We detect correlations in the cosmic far-infrared background due to the clustering of star-forming galaxies in observations made with the Balloon-borne Large Aperture Submillimeter Telescope, BLAST, at 250, 350, and 500 µm. We perform jackknife and other tests to confirm the reality of the signal. The measured correlations are well fit by a power law over scales of 5-25 arcminutes, with ∆I/I = 15.1 ± 1.7%. We adopt a specific model for submillimeter sources in which the contribution to clustering comes from sources in the redshift ranges 1.3 ≤ z ≤ 2.2, 1.5 ≤ z ≤ 2.7, and 1.7 ≤ z ≤ 3.2, at 250, 350 and 500 µm, respectively. With these distributions, our measurement of the power spectrum, P (k θ ), corresponds to linear bias parameters, b = 3.8 ± 0.6, 3.9 ± 0.6 and 4.4 ± 0.7, respectively. We further interpret the results in terms of the halo model, and find that at the smaller scales, the simplest halo model fails to fit our results. One way to improve the fit is to increase the radius at which dark matter halos are artificially truncated in the model, which is equivalent to having some star-forming galaxies at z ≥ 1 located in the outskirts of groups and clusters.
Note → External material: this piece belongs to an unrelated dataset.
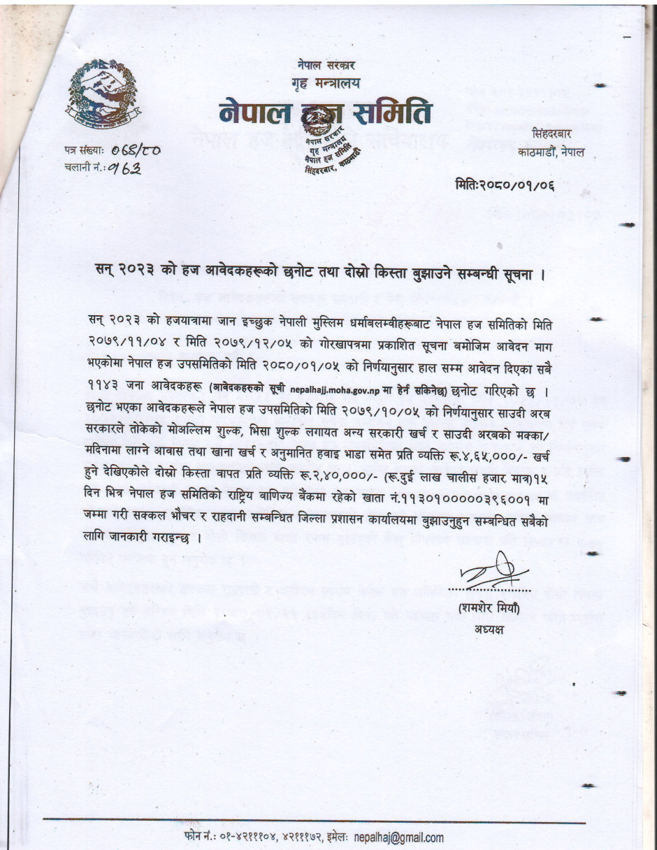 सन् २०२३ काे हज आवेदकहरुकाे छनाेट तथा दाेश्रो किस्ता बुझाउने सम्बन्धी सूचना

In the context of this model we find a minimum halo mass required to host a galaxy is log(M min /M ⊙ ) = 11.5 +0.4 −0.1 , and we derive effective biases b eff = 2.2 ± 0.2, 2.4 ± 0.2, and 2.6 ± 0.2, and effective masses log(M eff /M ⊙ ) = 12.9 ± 0.3, 12.8 ± 0.2, and 12.7 ± 0.2 , at 250, 350 and 500 µm, corresponding to spatial correlation lengths of r 0 = 4.9, 5.0, and 5.2 ± 0.7 h −1 Mpc, respectively. Finally, we discuss implications for clustering measurement strategies with Herschel and Planck.